I figure, that there are 100 different points I can find on my rock where the features could be different in 10 roughly equiprobable ways independent of one another (in actuality it's probably more like hundreds of millions with subtle interdependencies, but this is a good toy model), for example on one part of it, there's a slight chip, if that chip causer was different it could have been shallower or deeper by maybe 10 noticible graduations all of similar probability. There are many many other points on my rock like this I can find where things could have been different by said similar probability. The end result is I can easily estimate the probability of a similar sized rock to have similarity in shape to mine, to be under 10^-100, which makes it in all likelihood completely unique in the universe.
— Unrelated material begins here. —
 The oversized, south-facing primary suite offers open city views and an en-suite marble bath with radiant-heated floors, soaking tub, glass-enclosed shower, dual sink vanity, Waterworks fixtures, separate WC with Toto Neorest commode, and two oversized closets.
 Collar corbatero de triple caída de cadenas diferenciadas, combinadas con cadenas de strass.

I said "using your unaided senses". You would need tools to keep track of all those measurements and have a means to compare them in any sort of meaningful way.
Perfection said:
Yet still not nearly huge enough.
For what exactly, though? Sure, an atom-by-atom analysis of the rock should be unique for even the most immense of Universes... but there is a threshold for that, even - large enough and *exactly* the same rocks start appearing in various places around the hypothetical Universe. Indistinguishable.
I suppose my point here is that the Universe is a very big place, and the rock-analysis data would have to be very detailed for you to be able to tell your rock from my hypothetical i-flew-around-the-universe-and-found-the-closest-rock-to-your-rock-that-exists rock
Perfection said:
Well, we know life came into being, we just don't know how likely it is, I have thus far found no compelling reason to believe it is either over or under ~10^-22 per star. Remember, warpus, I'm not saying we are alone, just saying that you can't say we aren't.
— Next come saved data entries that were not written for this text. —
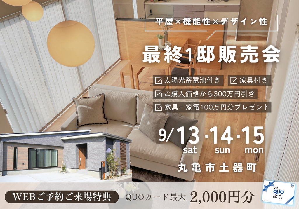 | タイトル | 【平屋最終分譲LAST1フェアin丸亀】9/13.14.15開催 |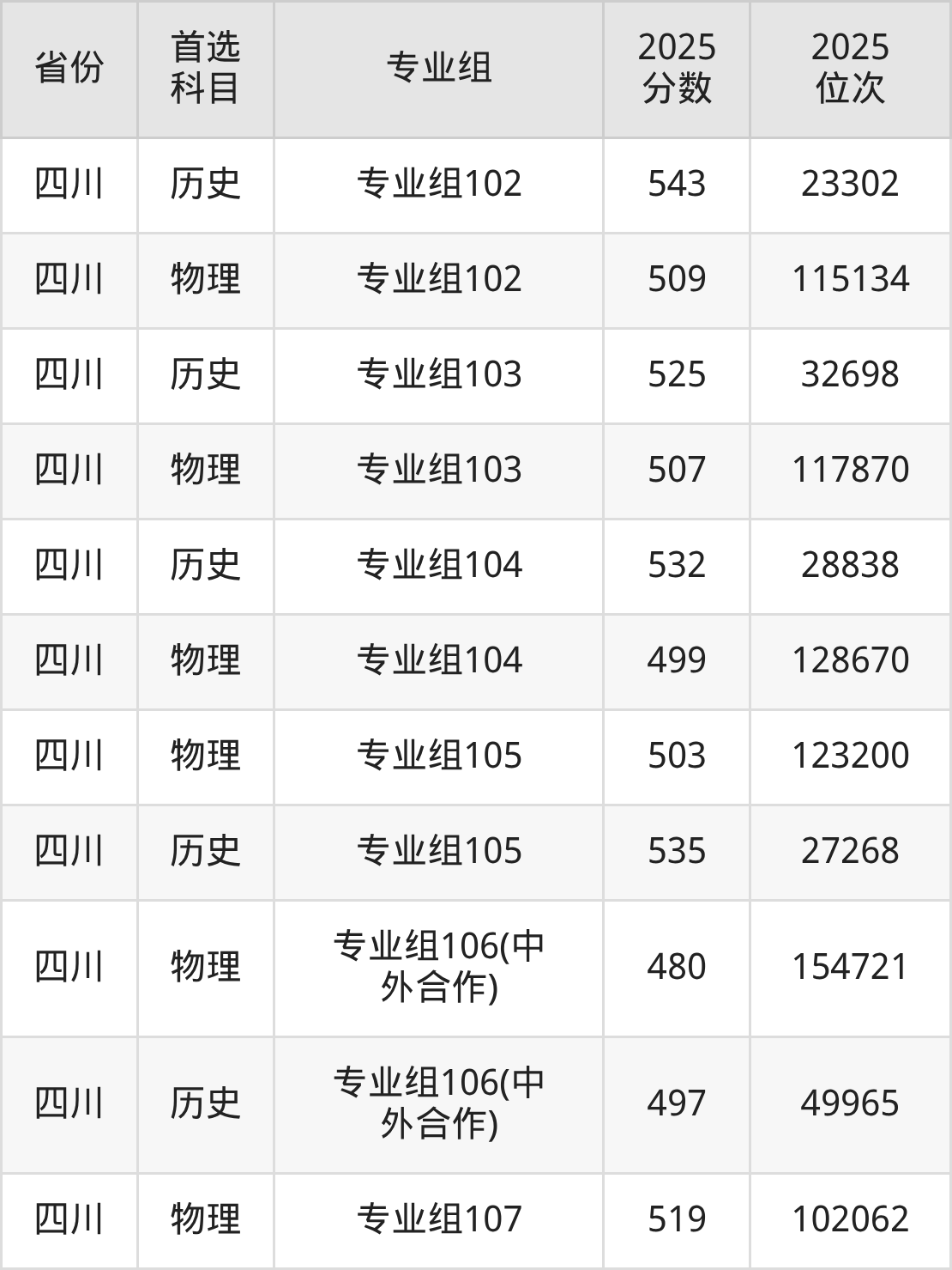 因为大部分地区目前只公布了院校(专业组)分数线,为了方便2026年考生参考,本文就整理出成都体育学院在全国各省不同科类的最低分: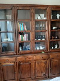 Mobile con vetrinetta per soggiorno o libreria per studio Ottime condizioni . 4 ante 4 cassetti Misure 48prof x 215lung 100alt parte bassa 30prof x 200lung 140alt parte alta a vetri Altezza totale 240 Contatti offerte o info via mail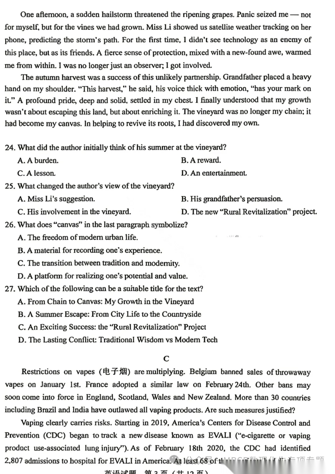 2026届重庆高三康德卷二诊语文试题及答案 2026届重庆高三康德卷二诊语文试题及答案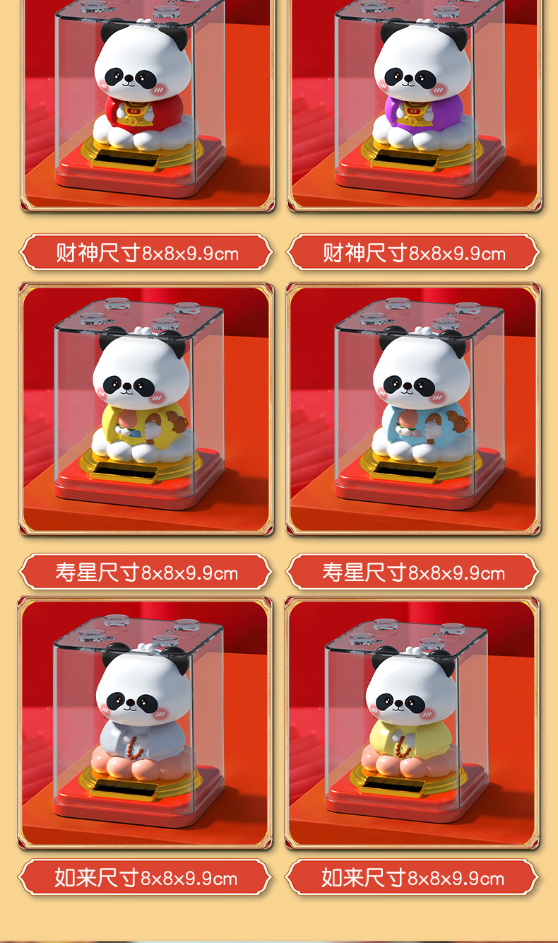 太陽はうなずいて創意的なパンダの車に飾られたデスクトップの店舗に飾られた家庭の装飾品が豊かで可愛いパンダです。

Okay, assume that A = "life arising on its own around a star". So, P(A) = "the probability of life arising around a random star". This value could be anything, like you said, some value between 0 and 1.
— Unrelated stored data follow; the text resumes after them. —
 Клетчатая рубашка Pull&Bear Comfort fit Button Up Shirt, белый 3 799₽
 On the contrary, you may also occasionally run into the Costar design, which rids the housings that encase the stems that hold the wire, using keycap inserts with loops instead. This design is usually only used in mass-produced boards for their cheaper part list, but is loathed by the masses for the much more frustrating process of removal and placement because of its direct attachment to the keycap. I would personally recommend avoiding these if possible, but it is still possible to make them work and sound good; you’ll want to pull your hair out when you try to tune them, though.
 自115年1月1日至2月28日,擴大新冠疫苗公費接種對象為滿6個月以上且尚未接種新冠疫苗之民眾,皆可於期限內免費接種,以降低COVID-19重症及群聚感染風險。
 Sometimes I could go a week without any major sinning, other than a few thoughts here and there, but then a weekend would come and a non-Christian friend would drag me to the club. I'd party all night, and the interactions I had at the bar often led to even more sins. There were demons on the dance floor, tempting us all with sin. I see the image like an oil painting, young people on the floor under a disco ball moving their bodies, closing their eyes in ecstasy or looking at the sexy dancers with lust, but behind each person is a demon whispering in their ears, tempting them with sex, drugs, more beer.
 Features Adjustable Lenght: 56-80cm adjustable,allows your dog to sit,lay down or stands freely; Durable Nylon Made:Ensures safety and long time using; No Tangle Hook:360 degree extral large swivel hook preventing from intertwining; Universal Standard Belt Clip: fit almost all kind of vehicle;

Let B= estimated number of instances of life arising in the universe,
x = the number of stars in the Universe, an unknown
So B = P(A)*x
What you're saying is that P(A) and x are so fine-tuned that they equal 1 when you multiply them. In essence, you are saying that they are inverses of eachother.
I'm saying it's possible, but the spectrum of other possibilities is far far greater than that one particular and well-balanced possibility.
Perfection said:
Your method is simply doesn't work for sufficiently rare events, of which life might be!
We don't know if life is rare, you can't assume that it is. My probability spectrum includes rare and non-rare life (occuring 4 times, 6 times, 318,812,822,853,333 times, etc.), yours only includes a very particular instance of rare (1 time)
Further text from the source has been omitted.